Task item
Pictures are to be left out, and only the lines below starting at the one with "Rotary Club Brasília" and ending at the one with "Oferta nr SAJ-MS-222 - Sajdak Nieruchomości" are to be reproduced, each exactly, both ends included.

Given records
▬▬▬

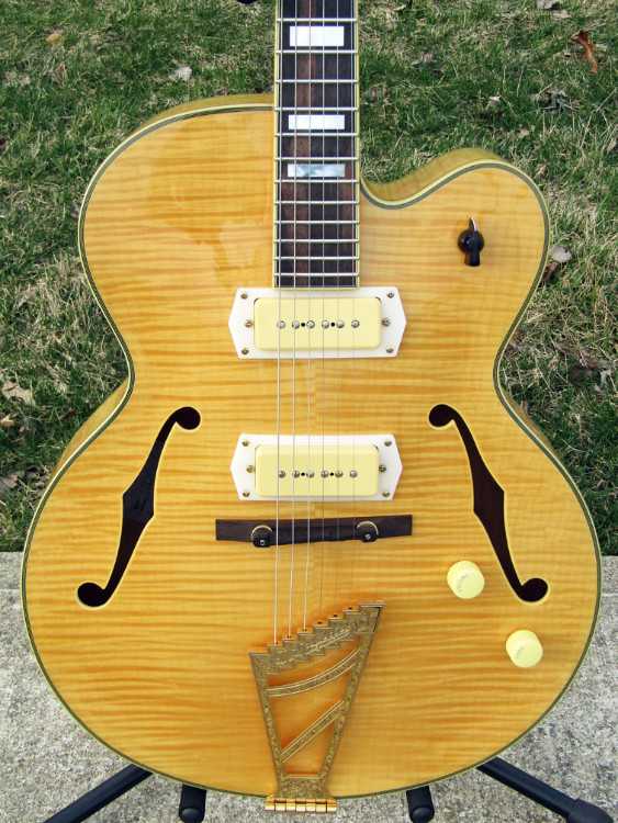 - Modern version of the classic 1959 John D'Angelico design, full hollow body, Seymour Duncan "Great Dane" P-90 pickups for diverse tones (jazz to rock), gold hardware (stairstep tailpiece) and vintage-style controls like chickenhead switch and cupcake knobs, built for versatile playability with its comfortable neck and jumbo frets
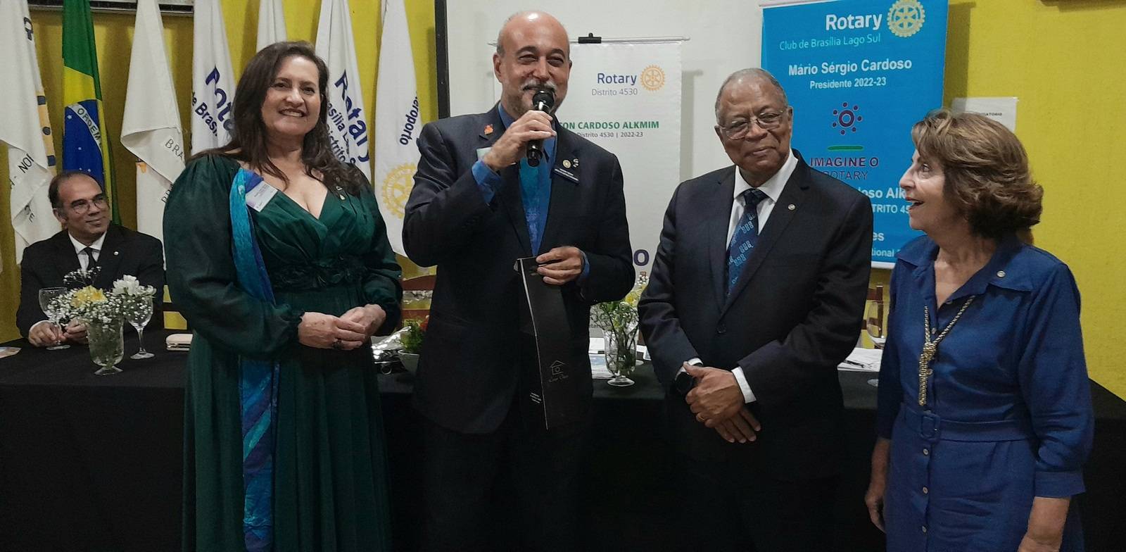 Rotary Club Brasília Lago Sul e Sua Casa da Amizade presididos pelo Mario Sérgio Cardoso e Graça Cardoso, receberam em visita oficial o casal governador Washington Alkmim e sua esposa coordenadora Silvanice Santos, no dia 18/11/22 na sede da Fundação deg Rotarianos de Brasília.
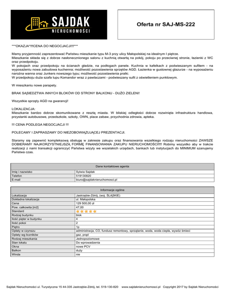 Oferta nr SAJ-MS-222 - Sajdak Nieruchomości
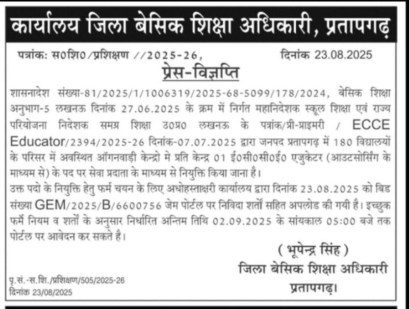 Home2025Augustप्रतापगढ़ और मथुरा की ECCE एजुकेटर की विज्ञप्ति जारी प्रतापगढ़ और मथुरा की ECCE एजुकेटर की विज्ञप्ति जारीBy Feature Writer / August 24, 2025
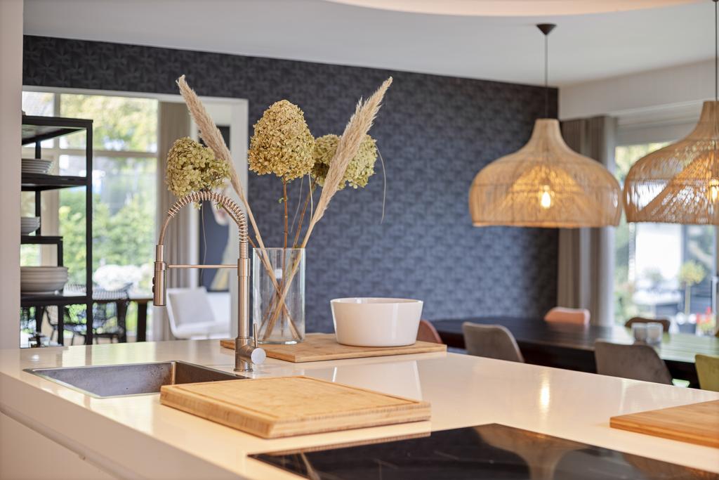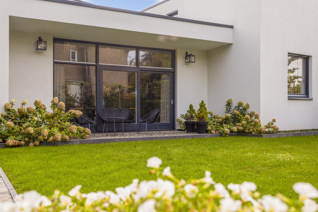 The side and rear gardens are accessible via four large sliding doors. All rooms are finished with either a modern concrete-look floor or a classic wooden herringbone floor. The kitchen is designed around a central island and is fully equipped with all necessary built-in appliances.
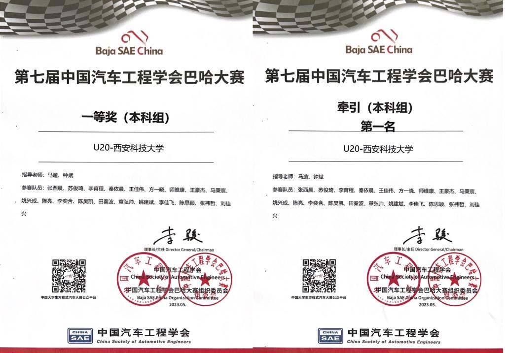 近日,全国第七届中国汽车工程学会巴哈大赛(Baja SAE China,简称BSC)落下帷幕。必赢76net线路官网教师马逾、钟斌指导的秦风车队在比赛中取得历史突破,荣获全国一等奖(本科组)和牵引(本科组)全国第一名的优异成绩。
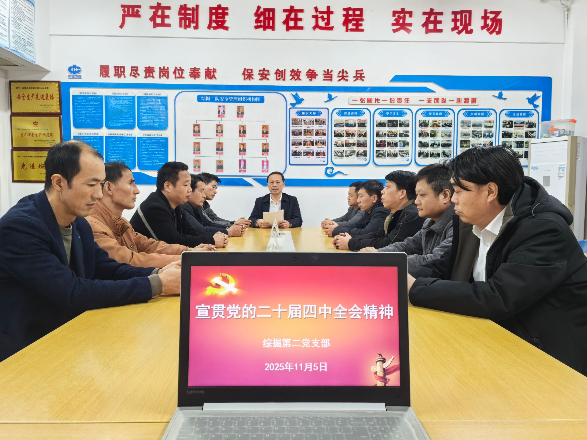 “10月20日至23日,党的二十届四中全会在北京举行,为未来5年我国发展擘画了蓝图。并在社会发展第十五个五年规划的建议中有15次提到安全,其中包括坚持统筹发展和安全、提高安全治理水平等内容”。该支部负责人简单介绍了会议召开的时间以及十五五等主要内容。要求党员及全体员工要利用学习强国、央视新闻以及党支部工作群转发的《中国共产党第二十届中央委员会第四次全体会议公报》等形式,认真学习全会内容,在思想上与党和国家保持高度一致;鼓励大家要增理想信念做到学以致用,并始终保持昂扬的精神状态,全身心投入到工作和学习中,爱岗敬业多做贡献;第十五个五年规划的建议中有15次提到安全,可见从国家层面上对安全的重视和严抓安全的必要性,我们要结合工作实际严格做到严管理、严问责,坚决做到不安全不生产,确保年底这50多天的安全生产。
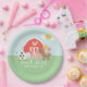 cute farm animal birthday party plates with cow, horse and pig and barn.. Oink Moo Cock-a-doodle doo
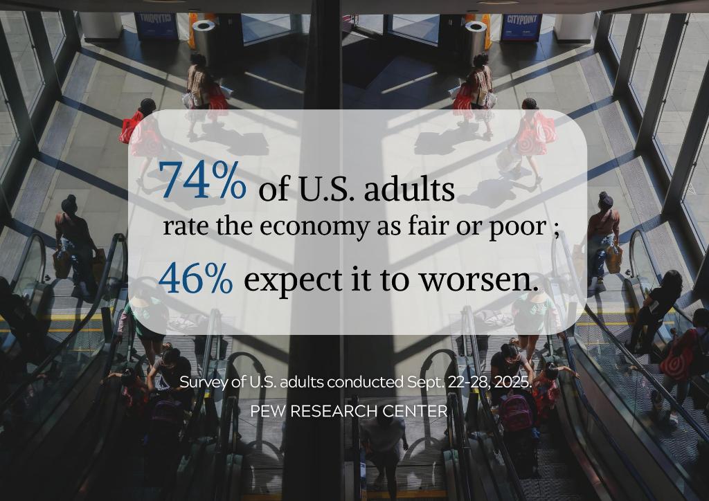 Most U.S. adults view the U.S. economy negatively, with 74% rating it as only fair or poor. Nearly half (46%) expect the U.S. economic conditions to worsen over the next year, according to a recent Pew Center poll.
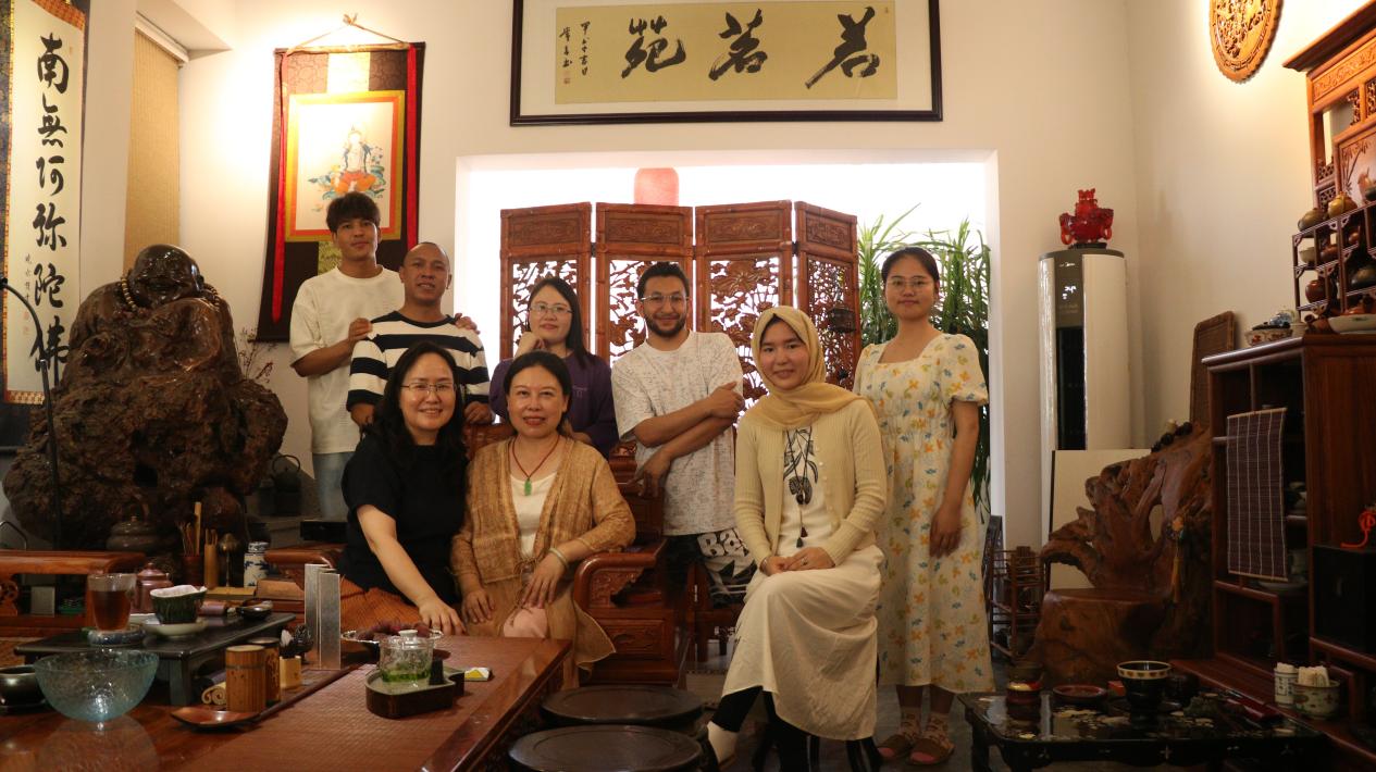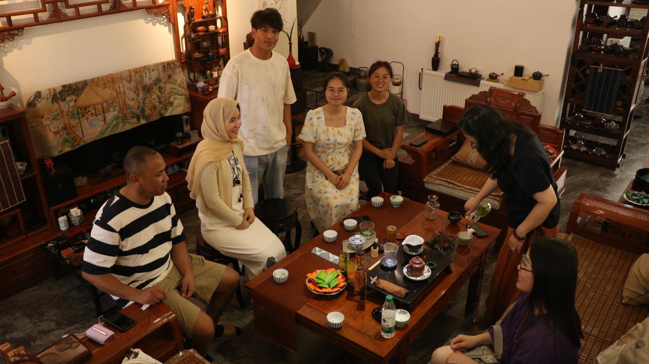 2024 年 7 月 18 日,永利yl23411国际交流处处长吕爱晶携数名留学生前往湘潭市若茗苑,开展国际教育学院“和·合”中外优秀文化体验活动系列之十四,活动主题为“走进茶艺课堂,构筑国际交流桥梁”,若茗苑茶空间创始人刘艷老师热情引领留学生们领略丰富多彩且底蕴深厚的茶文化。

▬▬▬

Finished task
 Rotary Club Brasília Lago Sul e Sua Casa da Amizade presididos pelo Mario Sérgio Cardoso e Graça Cardoso, receberam em visita oficial o casal governador Washington Alkmim e sua esposa coordenadora Silvanice Santos, no dia 18/11/22 na sede da Fundação deg Rotarianos de Brasília.
 Oferta nr SAJ-MS-222 - Sajdak Nieruchomości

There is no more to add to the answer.